DICEN QUE este año los madrileños han recuperado algún entusiasmo por el hecho de serlo. Las fiestas tienen más público, los patios con organillo más bailones, y se han vendido o alquilado más hongos, más mantones: algunos los han sacado del baúl de los antepasados, donde se aburrían desde hace años. En los barrios ricos desiertos por el éxodo del verano se oían los ecos lejanos del pianillo y se veían los rosetones de la pirotecnia. Las fiestas, aquí, siempre fueron las de los pobres, en las que se mezclaron algunas duquesas risueñas. La burguesía nunca se sintió madrileña. Entre otras cosas, porque no lo era. Hasta en las épocas de ilustración y de populismo. Otros pueblos de este mosaico confuso y borroso han guardado con mucha religiosidad sus músicas, sus tradiciones, sus hablas. Al madrileño le hubiera dado mucha risa ver el chotis convertido en ritual, en gregoriano de su iglesia abierta; o llevado a la academia el lenguaje de Arniches. Ser madrileño ha consistido, principalmente, en no ser. La fiesta, el habla, el sainete, fueron siempre considerados como una especie de superestructura capaz de recibir todas las aportaciones, todas las sumas, todas las variedades. Siempre ocurrió que el mejor madrileño era el recién llegado.Esa manera de ser, o de no ser, fue su desgracia. En 1939, ocupada la ciudad por quienes la cercaban, no se supo defender como otras sometidas a la misma presión. El Madrid de los proyectiles de obús del quince y medio y de las bombas de los Junkers, donde los niños habían construido barricadas con los adoquines de las calles, con una resistencia que se ha hecho literatura y cine en el mundo, era ocupado con un cierto odio. Hasta algún intelectual madrileño que llegaba con los ocupantes -Ernesto Giménez Caballero- había pedido que se le quitara su capitalidad. Ojalá lo hubieran hecho. Madrid, que se había mantenido en pie durante la guerra, fue arrasado por la paz. Madrid era un negocio. Se tiraron sus casas para construir edificios rentables, generalmente con material podrido y escamoteado; se borraron las fronteras de sus barrios y sus habitantes fueron diezmados por el exilio, por las cárceles y los paredones. Voló por los aires lo que había sido su superestructura, su caracterización. No supo hacer liturgia de todo ello.

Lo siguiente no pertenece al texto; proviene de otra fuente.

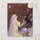 Œuvre d'art originale. Une dame aux cheveux violets, des météores tombant du ciel, la lune semble être tenue par un arbre très fort et une baguette magique est protégée à l'intérieur d'un globe.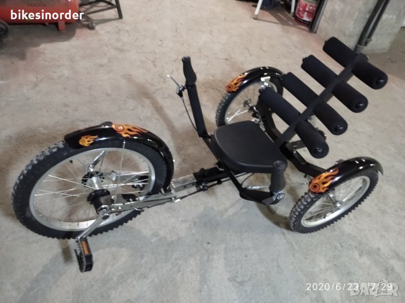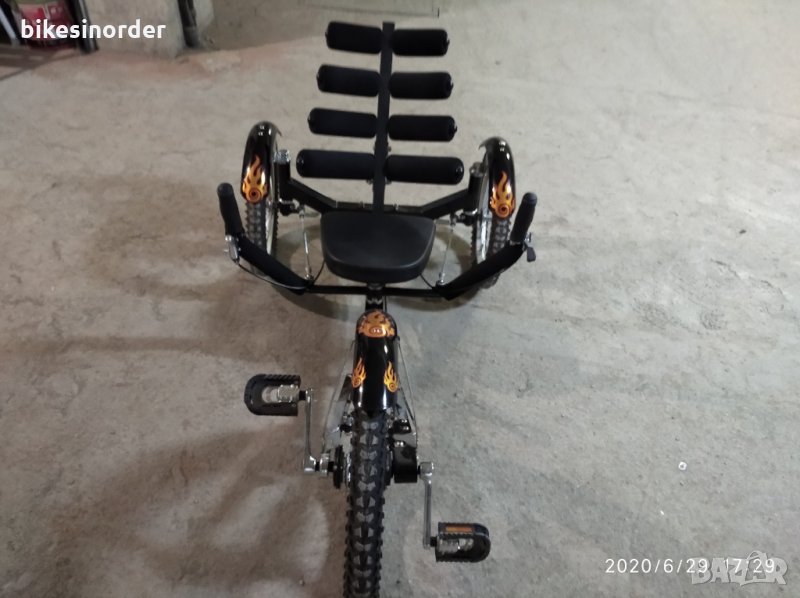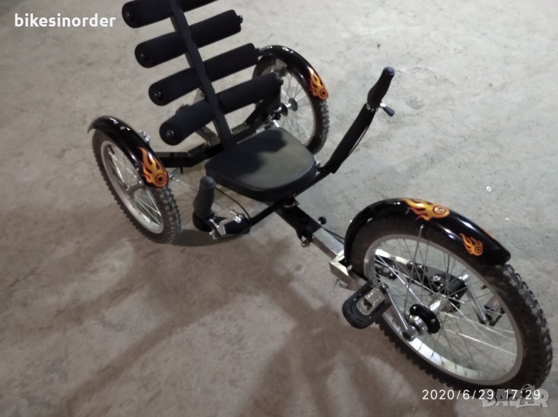 Чисто нова вело-триколка, с 1г. гаранция. Къстъм мейд разбира се. Позволява дрифт при по висока скорост. Карал съм всякакви колела, които можете и не можете да си представите, но не съм се забавлявал така както с това колело. Човек се чувства удобно облегнат и релаксиран, така че умората е минимална. Най важното, е че позволява на хора с проблеми в гръбначния стълб или с равновесието да спортуват любимия си спорт. Тъй като дължината и наклона на облегалката се регулират, може да се кара от хора между 1,60 и 1,90. Не се изпраща по куриери,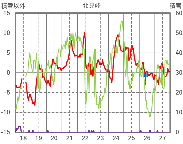 | 日 | 時 | 気温 | 降水 | 風向/風速 | 日照 | 積雪 | 降雪 |
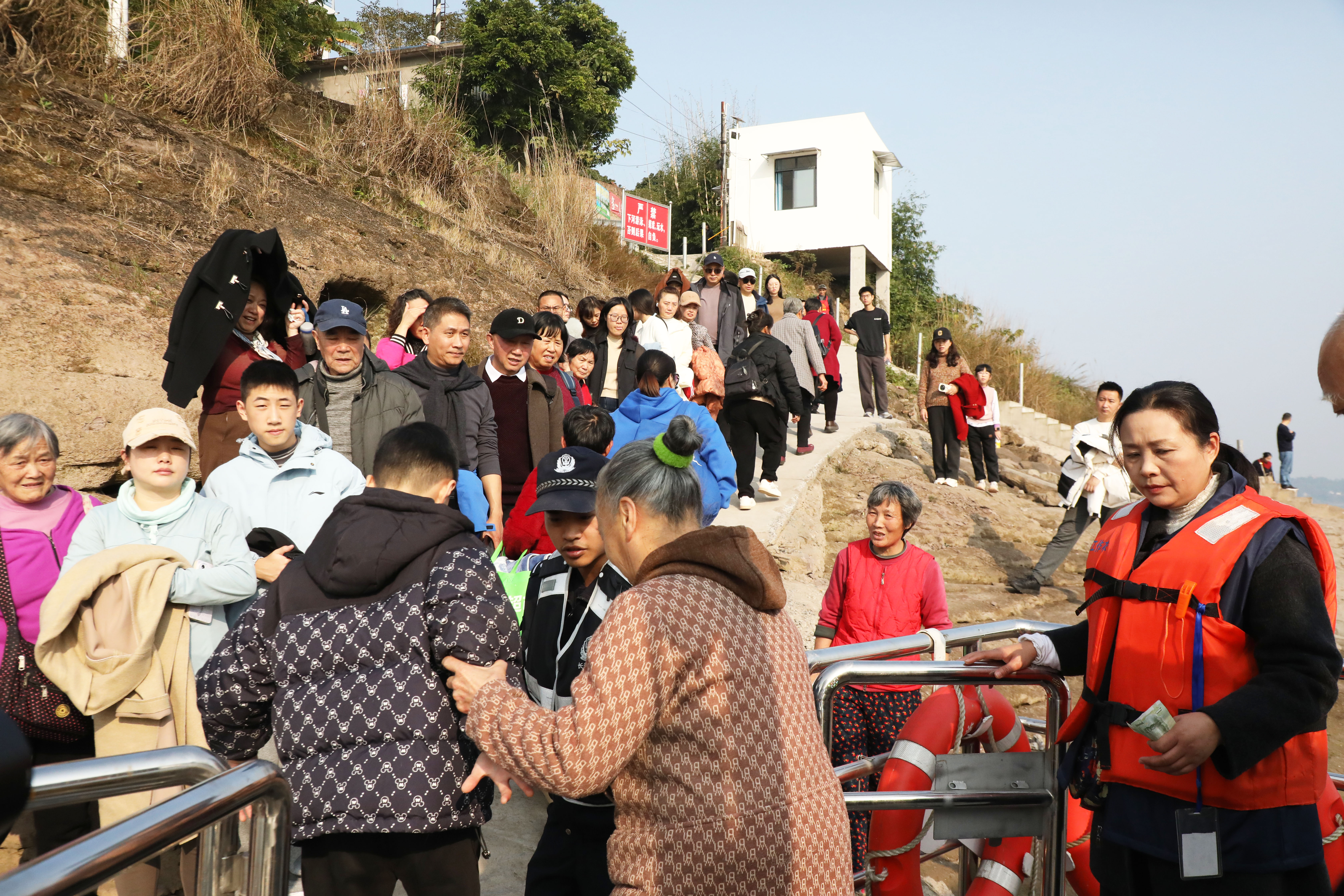 江潮讯(记者 张红)“各位旅客,渡船即将开航,请规范穿好救生衣,坐稳扶好。”1月27日,在江阳区黄舣镇弥陀渡口,工作人员正在引导乘客有序乘渡。随着春运临近,渡口秩序井然,安全保障工作细致周密。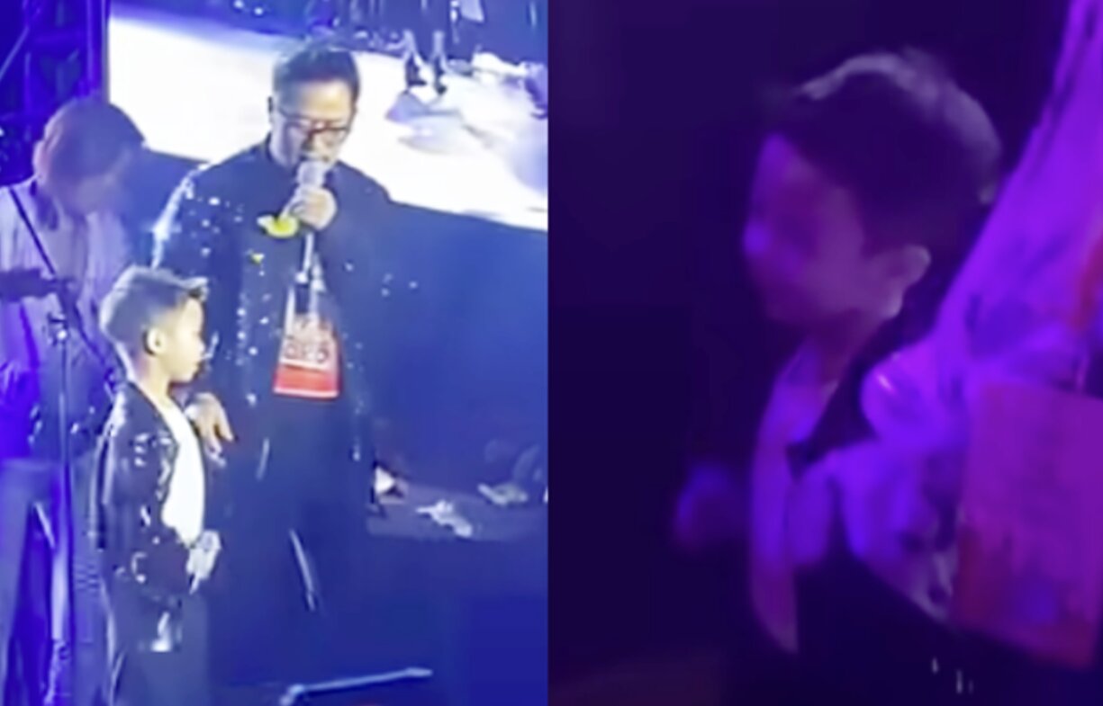 Đang hát "sung" cùng bố Bằng Kiều, con trai Benly của nam ca sĩ mặt bỗng ngẩn ngơ khi bị gọi rời khỏi sân khấu.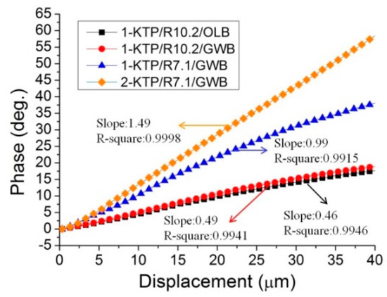 The slope and R-square after a linear fit on these phase curves can be further calculated to compare performance on the different CDSs. The slope is expressed as average displacement sensitivity. In comparing the different radii of 1-KTP CDS probed by the GWB at the position 3/4H, according to Equation (10), the simulation values of DS are 0.45 and 0.98°/µm and the experimental values are 0.49 and 0.99°/µm for R = 10.2 mm and R = 7.1 mm, respectively. The close proximity of values in the simulations and the experiments indicate that the fabrication and application of the 1-KTP CDS are easily achievable. The largest slope of 1.49°/µm in displacement ranging from 0 to 40 µm with R-square of 0.9998 was achieved when probed by the GWB at the position 3/4H on the 2-KTP CDS of R = 7.1 mm. The system phase stability is around 0.007°, and the resolution of 4.7 nm is achievable. In an ideal situation, the slope of the phase curve shall be around 1.96°/µm due to the increased (double) thickness of the KTP plate in the 2-KTP CDS. However, the experimental value of 1.49°/µm is smaller than the simulation value of 1.96°/µm. The increased thickness of KTP plates gradually induces the non-ignored walk-off between two orthogonal polarizations to possibly reduce the DS. This means that the KTP plate will be optimized for the maximum thickness.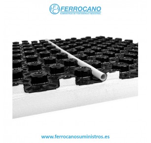 Además, su diseño con tetones asegura una sujeción firme de las tuberías, eliminando la necesidad de grapas u otros accesorios. Este producto cumple con los requisitos del nuevo CTE.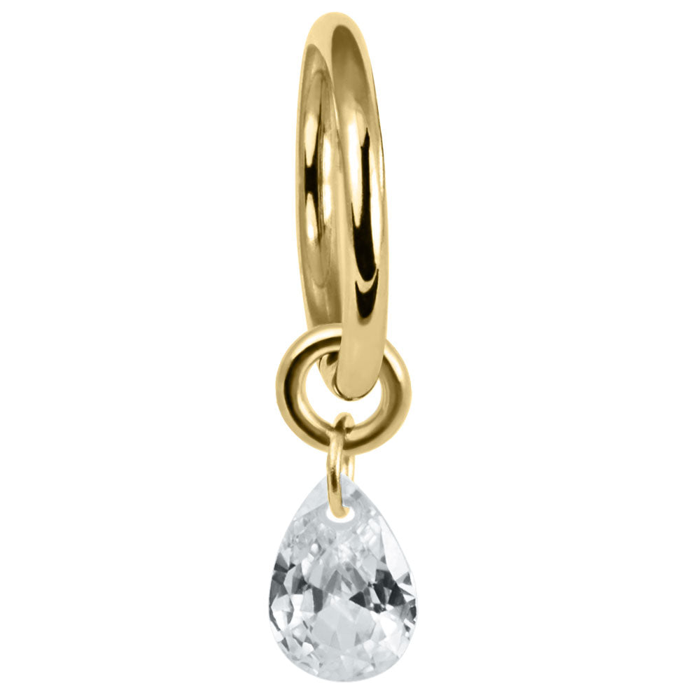 The Titanium Floating Teardrop Gem Charm on a Titanium Hinged Ring and looks best in helix, rook or lobe piercings, among others, depending on the gauge and diameter of the ring selected. The beautiful and sparkly Crystal Clear CZ Gem Charm itself is 4mm in diameter at its widest point and 6mm in height. The rings are available in various sizes in 0.8mm, 1.0mm and 1.2mm gauge. Available in Titanium and Gold Titanium.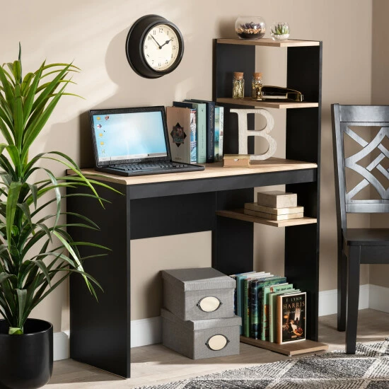 Add a modern touch to your office space with the excellent Callahan desk. Made in Malaysia, the Callahan is comprised of sturdy wood showcasing a striking two-tone finish of dark grey and oak for a cool, sleek look. Four shelves located at the side provide convenient storage space for electronics, supplies, and decorations. Requiring assembly, the Callahan features an open back for easy cord management. Steeped in contemporary style, the Callahan desk is an exceptional addition to any modern office space…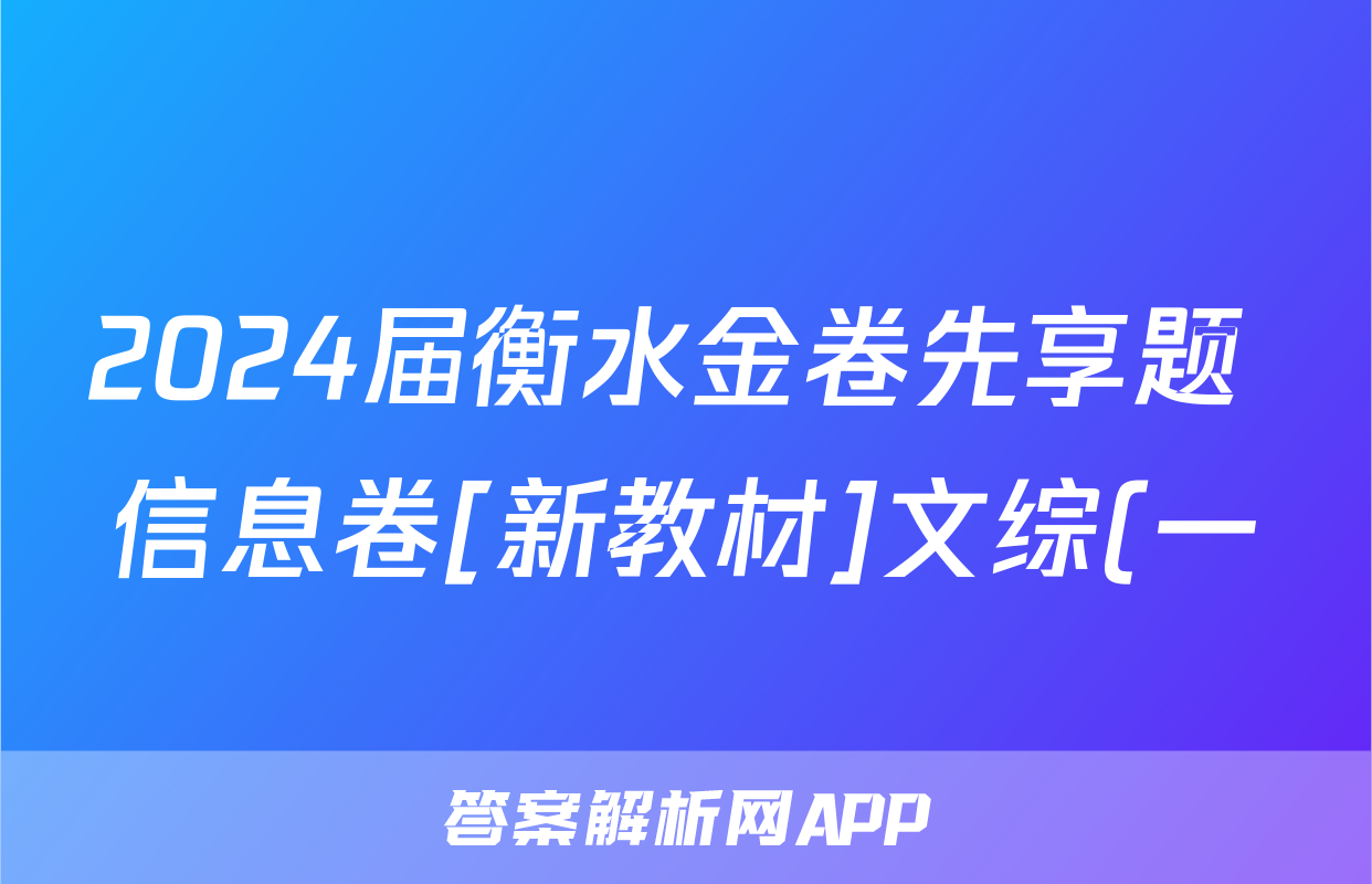 5、衡水金卷先享题答案2024文综1

Si es verdad que hay ahora un cierto renacimiento madrileñista podrían encontrarse en él unas trazas de lo que fue y del eterno, humano sueño de volver a ser. Hay, probablemente, algunas razones más actuales. Madrid ve cómo en otras partes renacen las peculiaridades, las diferenciaciones, las identidades. En otras partes donde sí supieron hacer de ellas una liturgia, un rito, una sacralización; donde las han guardado cuidadosamente, y acrecentado y multiplicado en la clandestinidad. En poblaciones, en regiones, con otra homogeneidad. Incluso se oye hablar de la bota de Madrid para estimular esas reacciones. Se oye hablar con un asombro dolorido. Entre otras cosas, porque Madrid -el Madrid con identidad- llevaba, sobre todo, alpargatas. La bota de Madrid pudo ser la bota que estaba en Madrid, la bota que entró en Madrid, la que aplastó Madrid. Venía de fuera.

Quizá se esté tratando ahora de una recuperación de identidad. Hablar de un nacionalismo madrileño es una incongruencia. Madrid quiere recuperar su capacidad de no ser: de ser un lugar de encuentro, un rompeolas de todas las provincias españolas, como dijo un poeta andaluz que fue madrileño porque encontró aquí ese terreno abierto; quiere no ser confundido con quienes pretenden o ejercen un centralismo, en el sentido despótico de la palabra, desde la ciudad que no es suya, sino prestada. No cree que pueda ser el símbolo de un imperialismo, sino el de una defensa frente a un largo cerco, el de un último punto de resistencia ante un concepto de vida que se venía encima de España. Madrid defendió en la guerra lo mismo que mantuvo en los tiempos de conspiraciones y clandestinidades: las autonomías de los otros.

Tal vez esta madrileñización de Madrid tenga ese sentido. Buscar otra vez su superestructura, su caracterización, sus rasgos, su identidad. Su aire de ciudad alegre y confiada. No va mas allá. Pero tampoco admite confusiones.